Only get 900 netflow events/sec from 4 vCPU LS node

Hi,

I'm using the netflow module [ELK 6.2.4] and struggling to squeeze a decent amount flows/events from my LS node. Hoping someone here can see what i may be missing. My (virtualised) setup:

1 x LS VM Node; 8GB RAM (4GB heap); 4CPU

3 x ES VM Nodes, all Master, all data, each with 16GB RAM (8GB heap); 2 CPU; 250GB SSD

I have this replicated this in a test environment and am using the Flowalyzer application to generate test flow data.

According to previous Netflow posts from @rcowart , i should expect to get the below throughput.

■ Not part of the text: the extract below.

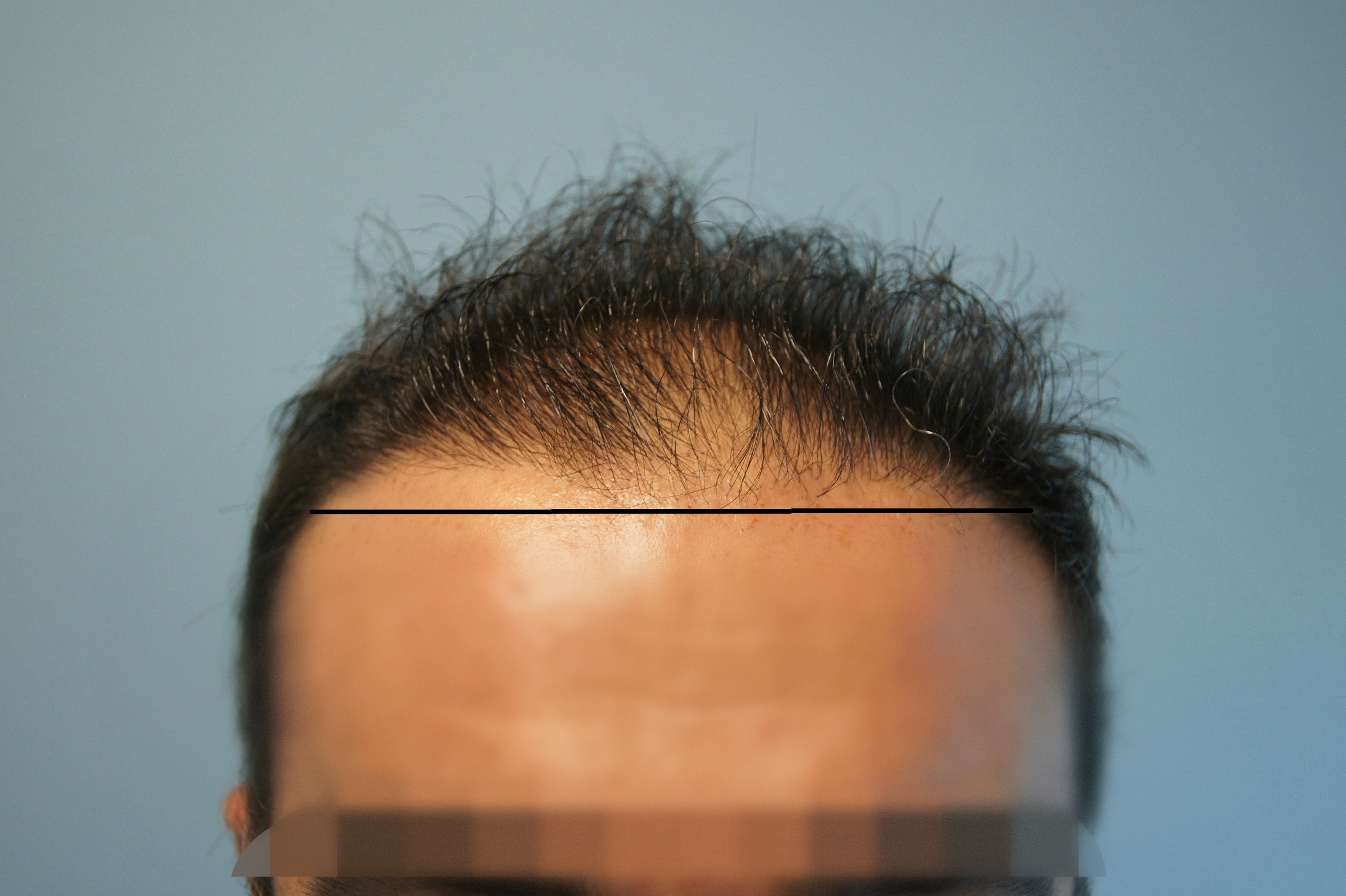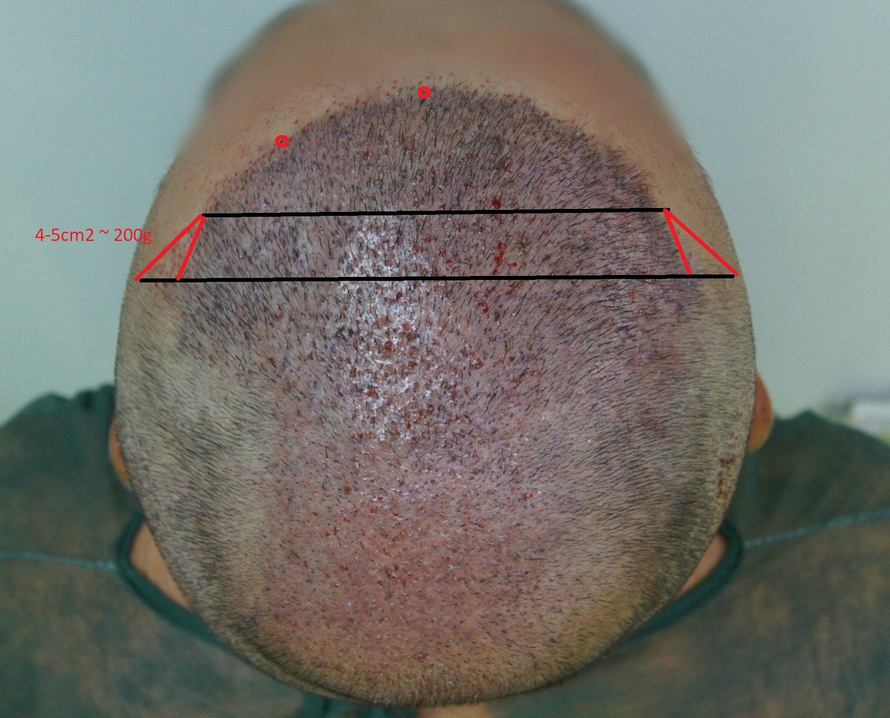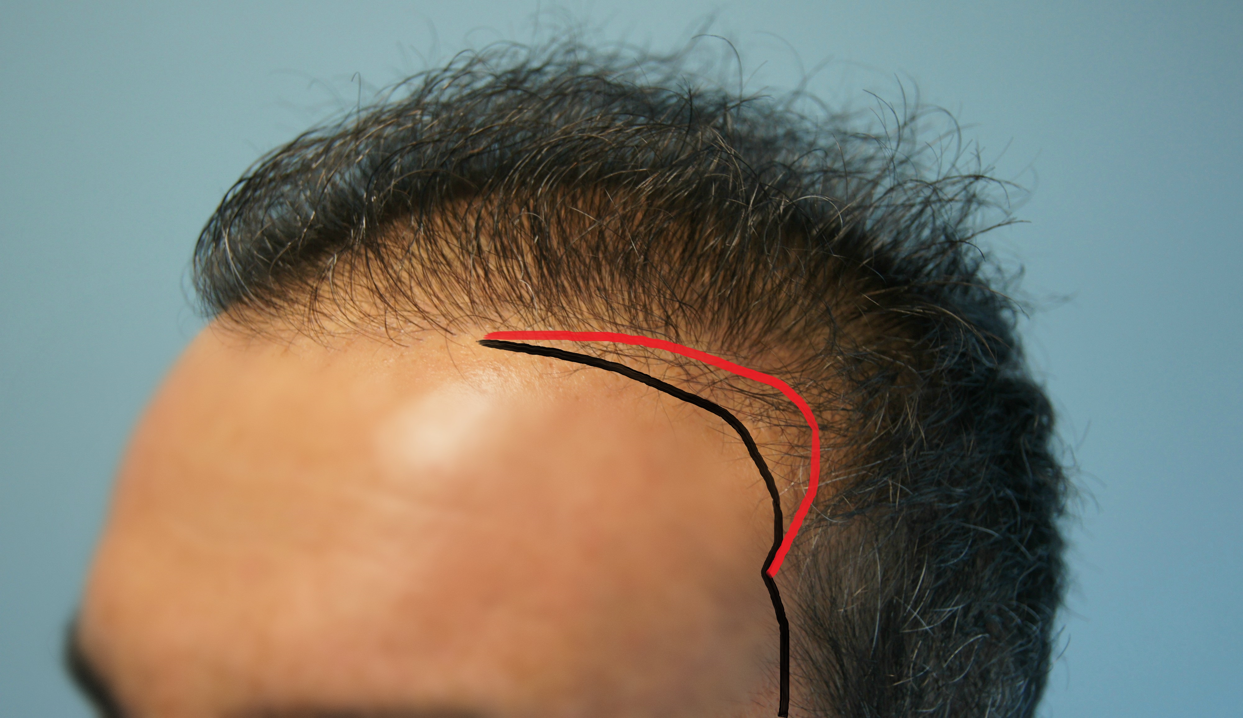 Με δεδομένο ότι η συμμετρία (αλλά όχι η απόλυτη) είναι το ζητούμενο αισθητικά, υπήρχαν 2 επιλογές Ή να κλείσουν και οι 2 κροτάφοι στο πρότυπο του αριστερού, ή να γίνει αυτό που έγινε. Και οι 2 ενέργειες είναι σωστές ανάλογα με την περίπτωση του ασθενούς και την ηλικία. Εδώ μιλάμε για repair case όπου πλέον έχεις αρχίσει και το BHT και είναι μικρός σε ηλικία. Άρα πρέπει να πας σαφώς με την συντηρητική επιλογή τουτέστιν αυτό που έγινε. Αν ήθελες να κάνεις την 1η επιλογή θα σου στοίχιζε περίπου άλλα 140g η αριστερή και άλλα 200g η δεξιά χωρίς να υπολογίσουμε τι θα γινόταν σε περίπτωση που η φύτρωση δεν θα ήταν άριστη ή χάσεις τις μαμα. Έπρεπε να έχεις δηλαδή ένα περίσσευμα περίπου 500g για να είσαι καλυμμένος 100%. Είναι προφανές ότι τέτοια πολυτέλεια δεν υπάρχει εδώ. Οι τρίχες που ήταν κοντά στην οριοθετημένη hairline θα μπορούσαν να μην αφαιρεθούν (κόκκινοι κύκλοι) αφού αυτά τα φυσικά sentinel hairs προσφέρουν στην φυσικότητα. Αυτό όμως είναι μια λεπτομέρεια, δεν είναι η ουσία. Το επισημαίνω όμως για να γνωρίζουμε την σημασία των sentinel hair στην φυσικότητα της hairline.

vCPU UDP workers flows/sec
1 1 2300
2 2 4300
4 4 6700
8 8 9100
16 16 15000
32 32 16000

However, no matter what i try, i cannot get more than ~900events (ie flows)/second from this LS node.

Pumping up the test flow data to about 5000flows/second still only gives me 900event/second in LS, with a CPU utilization of ~75%. I've attached below screenshots of my LS and ES overviews for more detail.

Things ive tried:

  1. Doubling the number vCPUs on the LS node to 8. This had no discernible increase in events

  2. Increasing batch size to 250 and workers to 8 (while keeping 4vCPU). Had no effect.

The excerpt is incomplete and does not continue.